Leffingwell turns up and is hired at the ranch. His plot is to kill Lavery so that Choya can inherit the ranch. A guilt-ridden Choya offers him an alternative, stealing Lavery's stock on a cattle roundup.

Ruth rides along. Choya likes her so he double-crosses Leffingwell and has the cattle money deposited in the Laverys' account in an El Paso bank. He also learns that Leffingwell is the one who kidnapped the kid, only to have a Mexican bandit named Rubriz (Joseph Calleia) snatch the boy away. He confesses to Ruth and leaves the ranch.

Choya crosses the border and finds Lavery's son has been raised by Rubriz under the name Tonio. He persuades Tonio to return to his real home. Rubriz has raised the boy as his own son, and stung by his apparent betrayal, sends his men after them. Tonio is wounded by Rubriz’ men as he and Choya are riding off. Leffingwell also gives chase, but is killed in a stampede. Choya and Tonio are trapped just on the Texas side of the Rio Grande but are rescued just in time by Lavery and Ransome.

Rubriz comes to the ranch with his men to kill them, but is disarmed by Choya. Choya convinces him that Tonio did not betray him. Rubriz has a change of heart and tells Lavery that Tonio should stay with the Lavery family until he has recovered from his wound, and Lavery agrees Rubriz can visit anytime. Choya plans to ride off for good, but Ruth follows him and tells him that if he is leaving, she is going with him. She joins him on his horse, they kiss, and Choya heads his horse back toward the ranch house.

Cast
 Alan Ladd as Choya
 Mona Freeman as Ruth Lavery
 Charles Bickford as Mr. Richard Lavery
 Robert Keith as T. Jefferson Leffingwell
 Joseph Calleia as Rubriz
 Peter Hansen as Tonio
 Selena Royle as Mrs.

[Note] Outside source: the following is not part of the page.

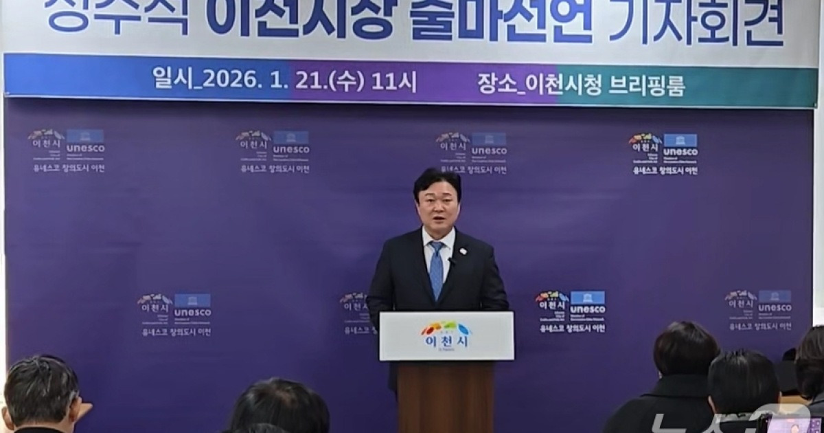 (이천=뉴스1) 김평석 기자 = 성수석(56) 더불어민주당 경기 이천시지역위원장이 21일 이천시청 브리핑룸에서 기자회견을 갖고 6.3지방선거 이...

Lavery
 Tom Tully as Ransom
 John Berkes as Tattoo
 Milburn Stone as Dawson
 Martin Garralaga as Hernandez
 Paul Featherstone as Cowhand #1

Production

Original novel
The film was based on the 1933 novel Montana Rides. It was written by Max Brand as Evan Evans. (The year before, RKO had released a Tom Keene Western called Montana Rides but the plot was different.)

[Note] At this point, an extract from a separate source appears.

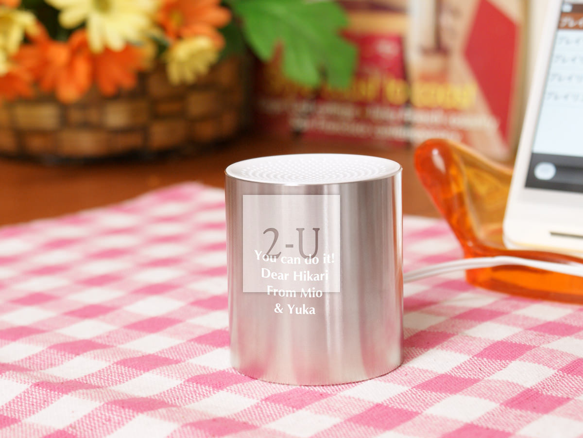 形狀特別的音箱喇叭。金屬鋁的光澤與音樂相配更添光澤。 可便攜的輕巧設計可以讓讓音樂伴隨左右。怡然自得儘情傾聽悅耳的音樂。 小圓柱音箱通過 USB 接頭充電。充電30分鐘可以使用約2-3小時。 可根據您的要求在正面約25x25mm的範圍內印上信息等。

The novel concerned a gunman, Montana, aka Arizona Kid, aka Mexico Kid, who impersonates the missing son of cattle magnate Richard Lavery. It turns out the real son is raised by a local outlaw, Meteo Rubriz. The New York Times called it "an exceptionally absorbing an exciting tale." The Los Angeles Times called it a "swinging, lilting Western... written with incredibly quiet savagery."

The novel was so popular it led to a sequel, Montana Rides Again. In this, the Montana Kid is lured into Mexico by bandit Mateo Rubriz and Friar Pacaul, who decide to steal an emerald from the governor which had been looted from a church.

Development
In 1948 Hedda Hopper announced that Winston Miller sold the story to Paramount, who would make it as a vehicle for Alan Ladd, with Miller to write the script and Robert Fellows to produce.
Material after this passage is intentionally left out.